The Science quoted in the article is below:
  • Love lights up areas of the brain linked to reward and pleasure, the ventral tegmental area and the caudate nucleus. It releases chemical messengers such as dopamine that, in the right proportions, provoke intense energy, focused attention, recklessness and exhilaration.
  • Doing novel things together triggers dopamine in the brain, stimulating feelings of attraction. So first encounters that involve a nerve-wracking activity, like riding a roller coaster, are more likely to lead people to pursue a relationship.
  • Love also could be as simple as following our noses. Swiss researchers asked women to choose which T-shirts worn by a variety of men smelled the best. They found women preferred the scent of a shirt worn by a man whose genes were most different from their own—genes possibly linked to an immune system that has something theirs does not. In this way a woman may boost her chance of having healthy offspring.
  • Love and obsessive-compulsive disorder could have a similar chemical profile: low levels of the brain chemical serotonin. Thus, love and mental illness may be hard to tell apart.
  • For those wishing to escape the grip of runaway passion, there is hope: Prozac, the medication that increases the amount of the serotonin available at the junctures between brain cells. Prozac jeopardizes one’s ability to fall in love, and stay in love, by dulling the keen edge of love and its associated libido. 
  • Studies around the world show that passion usually ends. Biologically speaking, the reason romantic love fades may be found in the way our brains respond to the surge and pulse of dopamine. Perhaps the brain adapts to the excessive amounts, and the neurons become desensitized.
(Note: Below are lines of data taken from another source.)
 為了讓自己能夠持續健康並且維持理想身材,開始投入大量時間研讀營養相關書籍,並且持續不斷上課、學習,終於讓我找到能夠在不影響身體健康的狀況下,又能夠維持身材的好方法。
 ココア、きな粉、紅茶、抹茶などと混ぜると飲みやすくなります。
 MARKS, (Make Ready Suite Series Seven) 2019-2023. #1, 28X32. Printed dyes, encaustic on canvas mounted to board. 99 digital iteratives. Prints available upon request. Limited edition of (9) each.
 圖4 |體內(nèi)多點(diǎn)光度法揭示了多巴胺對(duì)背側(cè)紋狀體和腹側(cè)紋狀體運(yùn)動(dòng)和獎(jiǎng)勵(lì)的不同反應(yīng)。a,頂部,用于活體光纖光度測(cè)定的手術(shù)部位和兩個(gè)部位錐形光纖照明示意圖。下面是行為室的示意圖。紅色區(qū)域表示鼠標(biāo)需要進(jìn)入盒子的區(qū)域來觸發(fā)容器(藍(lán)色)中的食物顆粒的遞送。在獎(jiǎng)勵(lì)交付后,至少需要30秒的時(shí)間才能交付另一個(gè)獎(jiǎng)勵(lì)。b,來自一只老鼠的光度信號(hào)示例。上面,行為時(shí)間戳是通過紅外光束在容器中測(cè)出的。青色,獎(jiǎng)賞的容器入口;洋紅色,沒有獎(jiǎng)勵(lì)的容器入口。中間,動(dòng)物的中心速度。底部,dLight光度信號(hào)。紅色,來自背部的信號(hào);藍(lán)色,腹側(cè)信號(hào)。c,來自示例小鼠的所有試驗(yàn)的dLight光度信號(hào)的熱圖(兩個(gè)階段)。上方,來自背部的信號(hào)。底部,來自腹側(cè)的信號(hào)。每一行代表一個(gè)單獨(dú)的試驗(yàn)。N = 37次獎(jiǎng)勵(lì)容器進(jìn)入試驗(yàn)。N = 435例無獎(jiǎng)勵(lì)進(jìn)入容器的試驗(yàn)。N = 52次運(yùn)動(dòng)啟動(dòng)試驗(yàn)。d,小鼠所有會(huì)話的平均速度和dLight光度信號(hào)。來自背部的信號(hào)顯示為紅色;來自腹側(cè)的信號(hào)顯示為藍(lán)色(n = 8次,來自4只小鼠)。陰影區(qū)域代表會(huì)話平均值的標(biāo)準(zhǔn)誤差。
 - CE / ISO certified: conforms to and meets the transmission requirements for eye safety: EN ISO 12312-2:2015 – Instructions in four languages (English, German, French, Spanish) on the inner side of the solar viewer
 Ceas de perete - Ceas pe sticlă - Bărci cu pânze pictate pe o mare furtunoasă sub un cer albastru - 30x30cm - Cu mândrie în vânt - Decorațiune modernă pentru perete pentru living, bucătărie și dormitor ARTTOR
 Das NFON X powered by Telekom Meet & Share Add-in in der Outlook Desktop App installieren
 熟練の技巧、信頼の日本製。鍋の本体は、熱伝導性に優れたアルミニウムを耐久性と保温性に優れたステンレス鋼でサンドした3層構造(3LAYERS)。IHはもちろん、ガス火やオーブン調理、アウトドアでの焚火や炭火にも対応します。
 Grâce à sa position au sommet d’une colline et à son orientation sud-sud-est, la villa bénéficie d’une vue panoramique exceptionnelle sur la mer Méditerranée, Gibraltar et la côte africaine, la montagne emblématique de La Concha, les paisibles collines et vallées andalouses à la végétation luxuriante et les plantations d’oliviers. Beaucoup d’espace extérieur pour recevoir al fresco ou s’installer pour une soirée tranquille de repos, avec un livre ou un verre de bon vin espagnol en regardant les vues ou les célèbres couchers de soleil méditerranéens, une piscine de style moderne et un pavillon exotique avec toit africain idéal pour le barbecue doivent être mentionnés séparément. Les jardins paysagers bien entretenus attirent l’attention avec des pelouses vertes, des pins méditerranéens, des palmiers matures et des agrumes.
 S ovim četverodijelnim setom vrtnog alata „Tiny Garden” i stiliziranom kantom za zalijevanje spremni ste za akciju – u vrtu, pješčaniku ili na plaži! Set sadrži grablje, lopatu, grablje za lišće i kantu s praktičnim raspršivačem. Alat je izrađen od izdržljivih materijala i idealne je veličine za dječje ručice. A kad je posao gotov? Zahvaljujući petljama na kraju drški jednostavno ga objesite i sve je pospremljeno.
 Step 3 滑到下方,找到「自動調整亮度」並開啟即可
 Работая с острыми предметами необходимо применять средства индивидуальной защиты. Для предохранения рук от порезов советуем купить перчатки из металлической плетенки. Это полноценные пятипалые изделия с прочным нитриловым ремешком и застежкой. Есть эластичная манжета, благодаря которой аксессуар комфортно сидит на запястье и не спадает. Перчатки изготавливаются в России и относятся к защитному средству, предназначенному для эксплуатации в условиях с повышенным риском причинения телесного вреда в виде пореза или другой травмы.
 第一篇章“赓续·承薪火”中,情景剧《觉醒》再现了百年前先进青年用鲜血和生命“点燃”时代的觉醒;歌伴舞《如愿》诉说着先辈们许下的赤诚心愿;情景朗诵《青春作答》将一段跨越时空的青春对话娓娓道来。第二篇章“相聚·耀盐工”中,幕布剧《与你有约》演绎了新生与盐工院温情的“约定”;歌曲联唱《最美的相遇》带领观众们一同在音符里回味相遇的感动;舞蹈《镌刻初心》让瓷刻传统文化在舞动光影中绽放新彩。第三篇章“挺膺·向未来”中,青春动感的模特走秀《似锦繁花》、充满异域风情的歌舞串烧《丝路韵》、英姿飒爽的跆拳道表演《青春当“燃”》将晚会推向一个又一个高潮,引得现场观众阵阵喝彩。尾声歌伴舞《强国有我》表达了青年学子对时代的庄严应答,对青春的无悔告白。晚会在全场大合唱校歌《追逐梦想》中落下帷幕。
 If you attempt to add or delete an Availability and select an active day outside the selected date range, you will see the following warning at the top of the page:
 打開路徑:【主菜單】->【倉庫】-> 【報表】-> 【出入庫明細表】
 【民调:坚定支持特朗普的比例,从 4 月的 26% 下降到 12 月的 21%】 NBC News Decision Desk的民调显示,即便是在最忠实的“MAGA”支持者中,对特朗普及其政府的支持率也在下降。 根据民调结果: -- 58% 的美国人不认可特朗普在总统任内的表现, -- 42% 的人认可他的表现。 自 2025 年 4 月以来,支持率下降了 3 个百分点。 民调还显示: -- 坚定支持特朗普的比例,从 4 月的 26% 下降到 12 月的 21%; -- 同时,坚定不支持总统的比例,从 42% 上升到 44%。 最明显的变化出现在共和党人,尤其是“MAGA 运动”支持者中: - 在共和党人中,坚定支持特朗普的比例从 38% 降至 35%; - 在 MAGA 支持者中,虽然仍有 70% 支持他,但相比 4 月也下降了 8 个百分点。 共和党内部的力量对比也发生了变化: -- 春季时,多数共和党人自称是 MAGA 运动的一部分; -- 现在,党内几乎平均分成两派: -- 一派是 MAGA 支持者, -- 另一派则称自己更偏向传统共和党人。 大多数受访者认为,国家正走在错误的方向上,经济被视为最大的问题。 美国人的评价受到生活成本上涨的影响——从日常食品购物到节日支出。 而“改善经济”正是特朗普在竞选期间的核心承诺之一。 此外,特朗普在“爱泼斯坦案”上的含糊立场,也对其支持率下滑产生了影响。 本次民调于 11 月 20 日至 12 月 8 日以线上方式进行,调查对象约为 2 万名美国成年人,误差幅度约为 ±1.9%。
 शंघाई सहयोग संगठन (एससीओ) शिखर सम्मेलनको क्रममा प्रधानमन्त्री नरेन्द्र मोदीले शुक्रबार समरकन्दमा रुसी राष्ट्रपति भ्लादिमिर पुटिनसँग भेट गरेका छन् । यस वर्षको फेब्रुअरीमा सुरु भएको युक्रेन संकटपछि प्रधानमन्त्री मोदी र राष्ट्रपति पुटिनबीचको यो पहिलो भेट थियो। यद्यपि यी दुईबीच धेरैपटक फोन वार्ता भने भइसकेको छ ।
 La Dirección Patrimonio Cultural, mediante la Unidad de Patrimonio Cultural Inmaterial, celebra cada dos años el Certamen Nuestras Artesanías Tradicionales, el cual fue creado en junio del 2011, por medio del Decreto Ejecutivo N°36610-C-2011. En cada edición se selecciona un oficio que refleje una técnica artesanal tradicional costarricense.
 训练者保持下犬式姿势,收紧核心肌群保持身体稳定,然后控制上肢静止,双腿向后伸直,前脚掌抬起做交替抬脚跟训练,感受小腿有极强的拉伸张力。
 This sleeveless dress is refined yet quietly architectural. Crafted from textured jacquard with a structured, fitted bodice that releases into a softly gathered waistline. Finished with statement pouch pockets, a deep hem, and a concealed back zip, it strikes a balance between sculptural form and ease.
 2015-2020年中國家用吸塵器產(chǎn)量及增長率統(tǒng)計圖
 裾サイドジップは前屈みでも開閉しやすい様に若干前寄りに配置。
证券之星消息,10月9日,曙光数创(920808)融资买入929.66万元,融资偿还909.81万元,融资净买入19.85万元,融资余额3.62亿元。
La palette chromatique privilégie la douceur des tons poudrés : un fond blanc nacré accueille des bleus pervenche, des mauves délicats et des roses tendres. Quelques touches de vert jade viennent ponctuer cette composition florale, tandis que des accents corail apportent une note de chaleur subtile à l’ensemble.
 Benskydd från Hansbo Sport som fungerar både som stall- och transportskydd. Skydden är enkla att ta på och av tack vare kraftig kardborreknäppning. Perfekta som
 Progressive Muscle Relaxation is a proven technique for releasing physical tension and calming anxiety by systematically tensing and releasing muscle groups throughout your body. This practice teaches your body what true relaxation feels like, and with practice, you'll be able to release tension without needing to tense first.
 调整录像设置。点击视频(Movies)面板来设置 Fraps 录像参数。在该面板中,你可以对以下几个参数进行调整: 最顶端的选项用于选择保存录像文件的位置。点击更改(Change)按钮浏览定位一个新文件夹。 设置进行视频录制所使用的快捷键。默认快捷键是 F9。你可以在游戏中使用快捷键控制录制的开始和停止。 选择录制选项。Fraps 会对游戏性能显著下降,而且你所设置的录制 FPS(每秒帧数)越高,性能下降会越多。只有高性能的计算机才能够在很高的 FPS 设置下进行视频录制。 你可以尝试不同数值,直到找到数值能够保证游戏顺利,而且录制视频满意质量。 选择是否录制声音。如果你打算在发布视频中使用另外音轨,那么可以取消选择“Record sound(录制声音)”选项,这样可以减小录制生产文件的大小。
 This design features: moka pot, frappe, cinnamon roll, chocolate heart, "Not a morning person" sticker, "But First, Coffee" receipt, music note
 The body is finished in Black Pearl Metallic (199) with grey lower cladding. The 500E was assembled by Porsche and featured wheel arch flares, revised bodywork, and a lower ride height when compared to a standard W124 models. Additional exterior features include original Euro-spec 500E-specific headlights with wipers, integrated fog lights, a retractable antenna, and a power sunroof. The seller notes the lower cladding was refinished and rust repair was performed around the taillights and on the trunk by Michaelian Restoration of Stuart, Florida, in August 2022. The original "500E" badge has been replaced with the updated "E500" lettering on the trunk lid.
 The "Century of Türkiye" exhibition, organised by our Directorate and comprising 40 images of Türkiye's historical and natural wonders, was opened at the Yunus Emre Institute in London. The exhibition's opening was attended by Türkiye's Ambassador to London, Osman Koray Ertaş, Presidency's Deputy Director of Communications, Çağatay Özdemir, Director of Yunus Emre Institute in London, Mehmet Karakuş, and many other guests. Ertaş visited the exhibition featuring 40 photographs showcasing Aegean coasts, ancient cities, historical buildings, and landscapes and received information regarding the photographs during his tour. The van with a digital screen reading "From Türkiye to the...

  • Anthropologist Helen Fisher of Rutgers University, New Brunswick, N.J., suggests relationships often break up after about four years because that’s how long it takes to raise a child through infancy. Fisher is the author of Why We Love: The Nature and Chemistry of Romantic Love, a 2004 book.
  • Oxytocin, a chemical thought to be plentiful in long-term couples with warm, comfortable relationships, is a hormone that promotes feelings of connection and bonding. It is released when we hug our children or our long-term spouses or when a mother nurses her infant. In long-term relationships that never get off the ground, chances are the couple has not found a way to stimulate or sustain oxytocin production.
  • Fisher has also proposed that human romantic love evolved out of an “attraction system” shared by mammals and birds.
  • “Mammals and birds express mate preferences and make mate choices,” Fisher and two colleagues wrote in the Oct. 27 issue of the Journal of Comparative Neurology. Data suggest this attraction system is linked to reward-processing brain areas that use dopamine, as in humans, they added. 
  • “We propose that this attraction mechanism evolved to enable individuals to focus their mating energy on specific others, thereby conserving energy and facilitating mate choice.”
Interesting reading for all of you in love, so if the scientists are able to analyze the nature of love, as Peggy Lee asked Is that all there is?

The romantics, the writers of love songs, and love stories,  and the poets would beg to differ and I am on the side of the romantics and the people who are mad on this point, aren't you?